Problem requirements: Take from the entries below the stretch from the line with "MIEL DE NOS" through the line with "为了解决不完备信息下的态势评", and return it exactly, leaving the pictures out.

(Records from a data source)
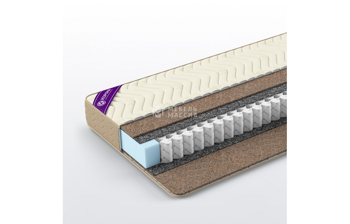 - Кокосовая койра 10 мм ? Кокос - переплетенные волокна кокосового ореха, растительного происхождения. Исключительные свойства кокоса в прочности, упругости и гигиеничности. Материал придает жесткости матрасу. Обладает отличной вентилируемостью, устойчив к любой влажности и перепадам температуры, гипоаллергенный и долговечный.
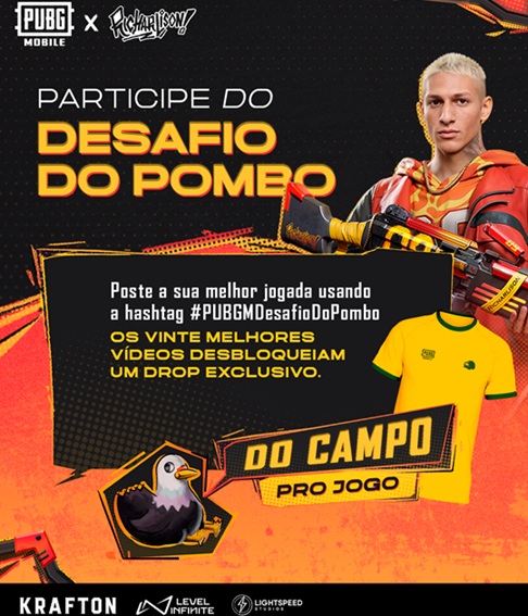 Completando as ações relacionadas à colaboração com Richarlison, PUBG MOBILE lança também o Desafio do Pombo, do qual os fãs poderão participar e ter a chance de ganhar prêmios exclusivos da colaboração com Richarlison.
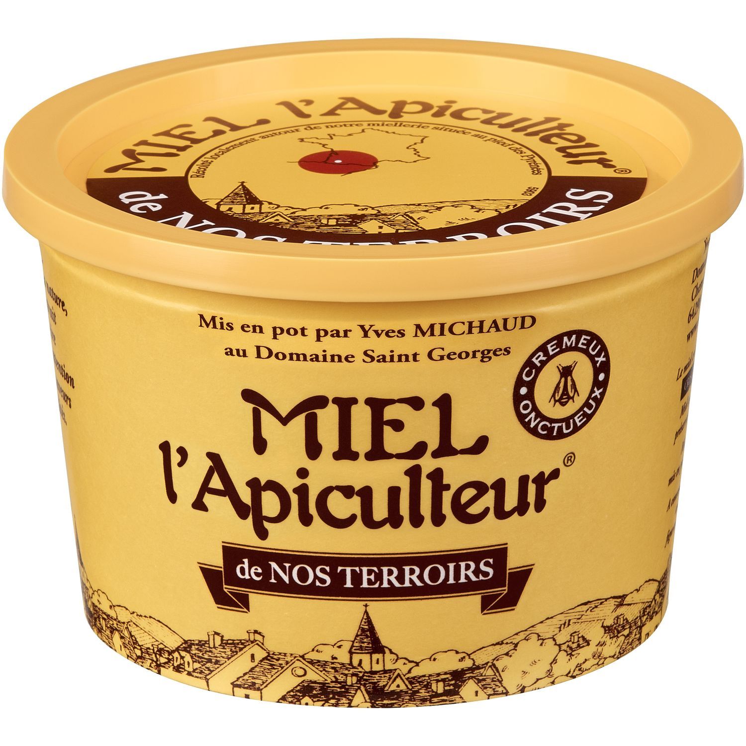 MIEL DE NOS TERROIRS, récolte locale PC 250g Succombez à la recette unique, à la fois fruitée et fleurie, et aux notes noisette de ce miel crémeux MIEL l'Apiculteur®.
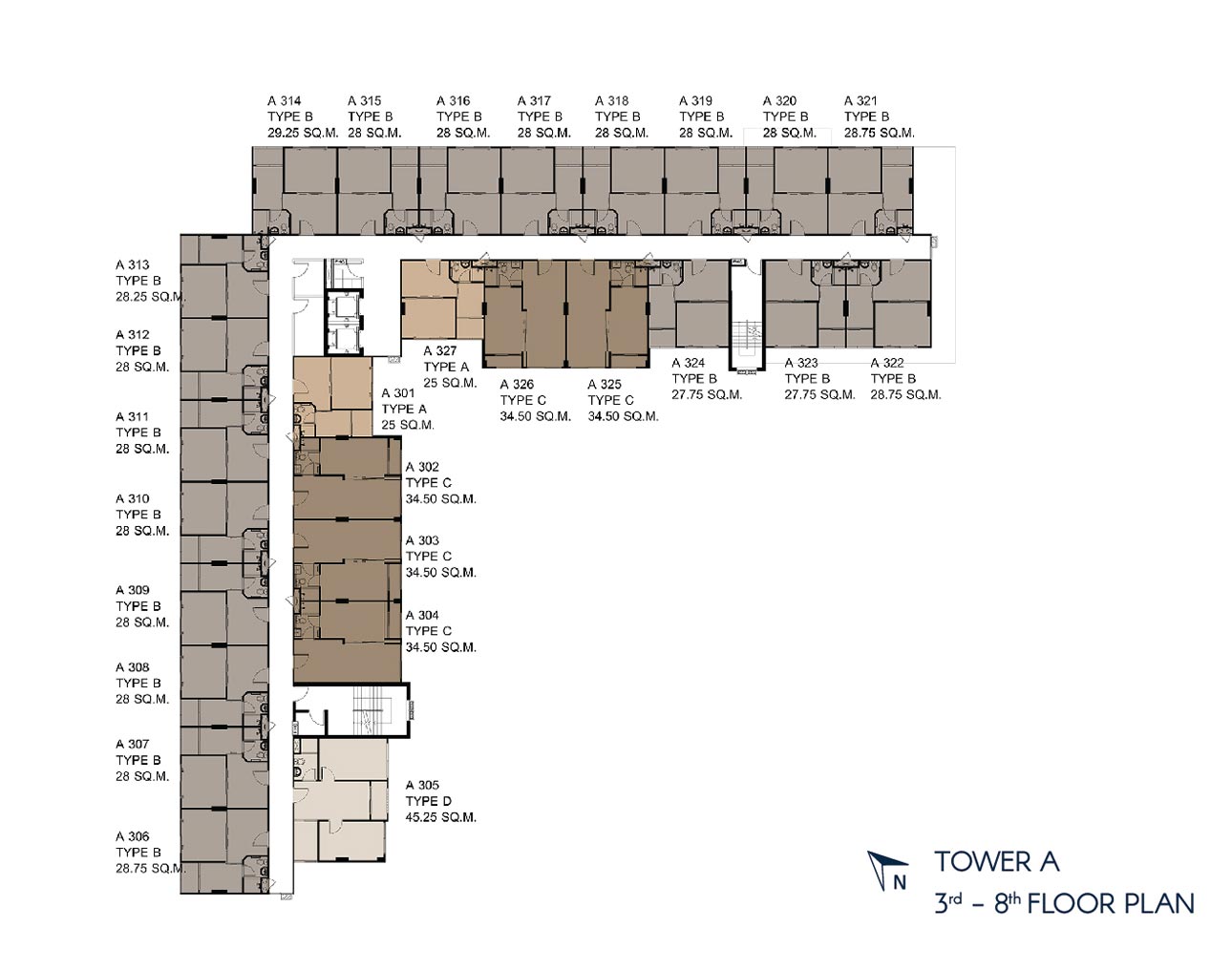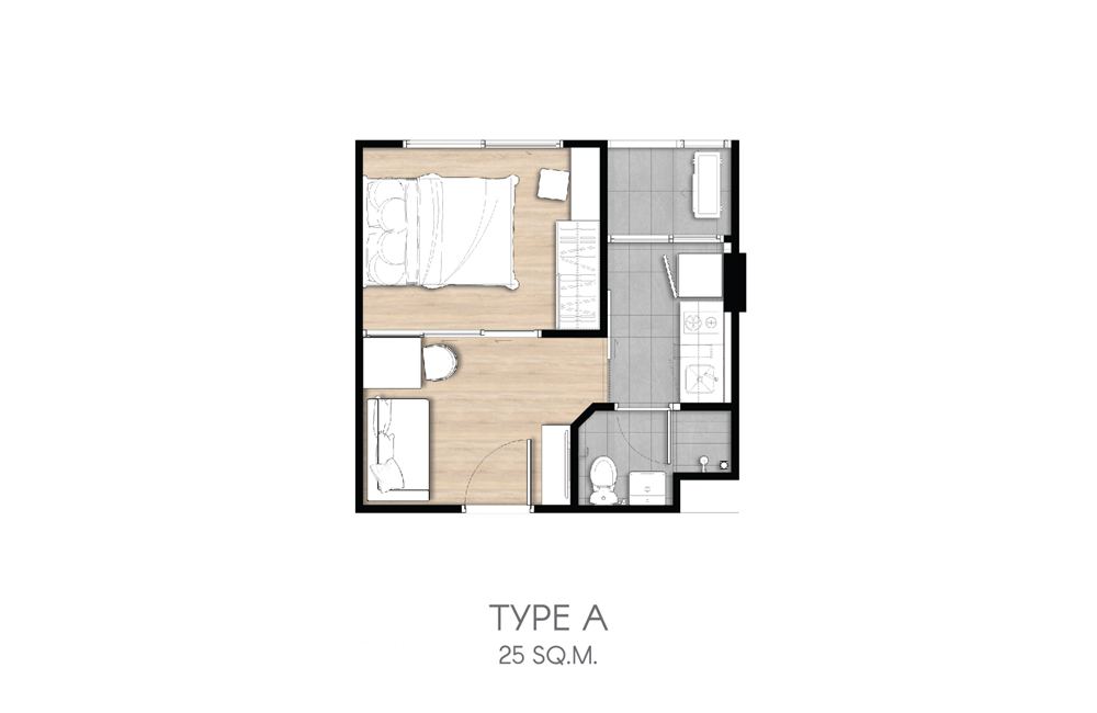 - แบบ 1 Bedroom (Type A) : พื้นที่ใช้สอยขนาด 25 ตร.ม. (คลิกชมแปลนห้อง)
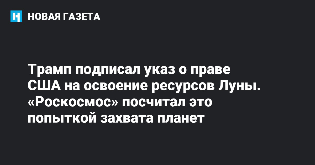 Президент США Дональд Трамп подписал указ о коммерческом освоении ресурсов на Луне и других небесных телах. Об этом говорится на сайте Белого дома.
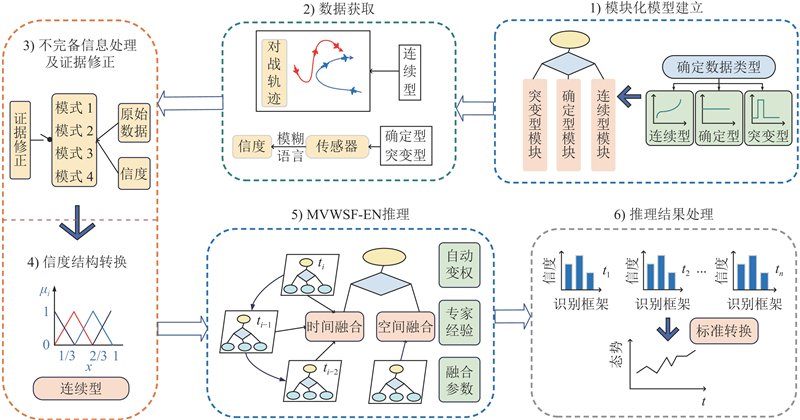 为了解决不完备信息下的态势评估难题,MVWSF-EN在传统的EN基础上融入三大机制:不完备信息处理及证据修正﹑节点自适应权值生成以及3步时空融合. 推理过程如下.
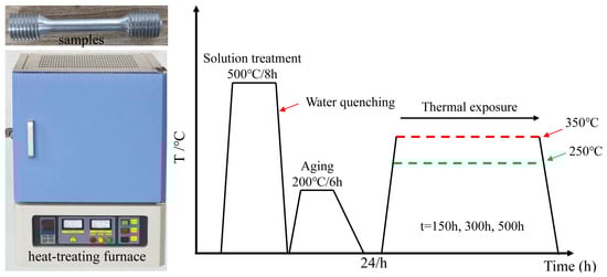 The Al-Si piston alloy utilized in the present study was cut from the upper portion of the sand-casting piston assembly. Its average chemical composition was determined using an inductively coupled plasma optical emission spectrometry (ICP-OES) (Table 1). The alloy was initially solution treated at 500 °C for 8 h (quenching was performed in water), then aged at 215 °C for 6h in ambient air, and subsequently air-cooled to achieve the T6 state. Afterward, these samples were heated at different temperatures (250 and 350 °C) for different times (150, 300, and 500 h). The samples, equipment, and schematic diagram of the heat treatment procedure are illustrated in Figure 1.
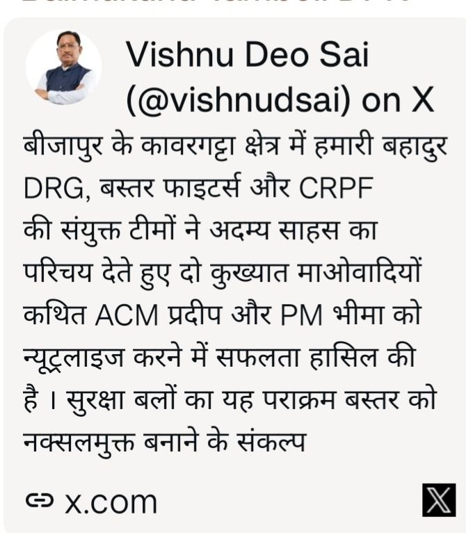 मुख्यमंत्री श्री विष्णु देव साय ने कहा कि हमारी बहादुर डीआरजी, बस्तर फाइटर्स एवं सीआरपीएफ की संयुक्त टीमों ने अदम्य साहस और उत्कृष्ट रणनीति का परिचय देते हुए दो कुख्यात माओवादियों — कथित एरिया कमांडर प्रदीप (ACM) एवं पार्टी मेंबर भीमा (PM) — को न्यूट्रलाइज करने में सफलता हासिल की है।
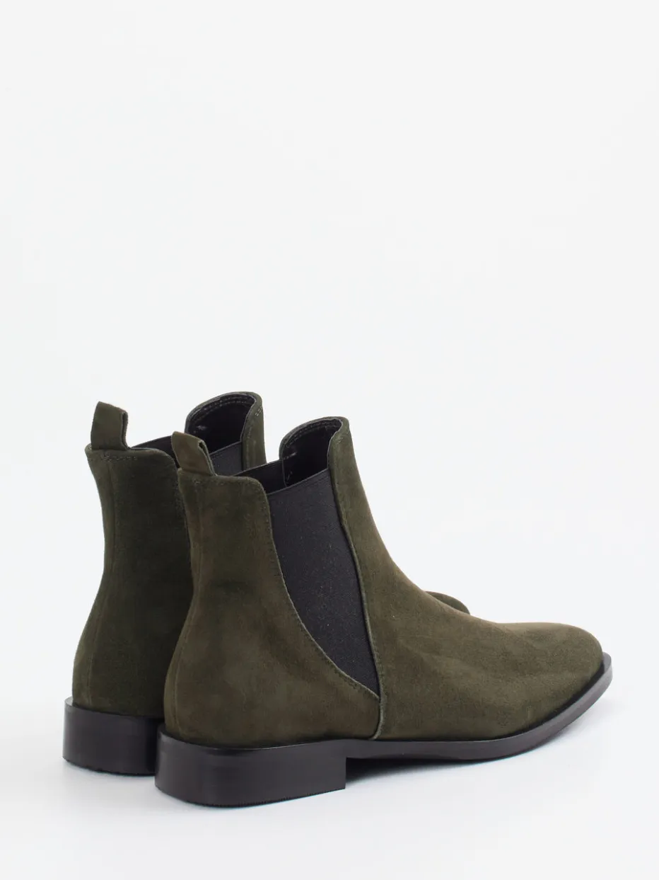 Ideal für Alltag und Büro verbinden die Boots waldgrünes Veloursleder mit samtig-matter Oberfläche und schwarzen Elastikeinsätzen. Der spitz zulaufende Leisten unterstreicht den femininen Anspruch, während die profilierte Gummisohle mit 2,5 cm Absatz Stabilität liefert. Die dezente Ton-in-Ton-Nahtführung und rückseitige Zuglasche fügen sich perfekt in den minimalistischen Look. Kombinierbar zu Jeans wie zu feinen Wollhosen, begleitet dieses Modell souverän durch herbstliche Styling-Situationen.

Solved exercise:
 MIEL DE NOS TERROIRS, récolte locale PC 250g Succombez à la recette unique, à la fois fruitée et fleurie, et aux notes noisette de ce miel crémeux MIEL l'Apiculteur®.
 - แบบ 1 Bedroom (Type A) : พื้นที่ใช้สอยขนาด 25 ตร.ม. (คลิกชมแปลนห้อง)
 Президент США Дональд Трамп подписал указ о коммерческом освоении ресурсов на Луне и других небесных телах. Об этом говорится на сайте Белого дома.
 为了解决不完备信息下的态势评估难题,MVWSF-EN在传统的EN基础上融入三大机制:不完备信息处理及证据修正﹑节点自适应权值生成以及3步时空融合. 推理过程如下.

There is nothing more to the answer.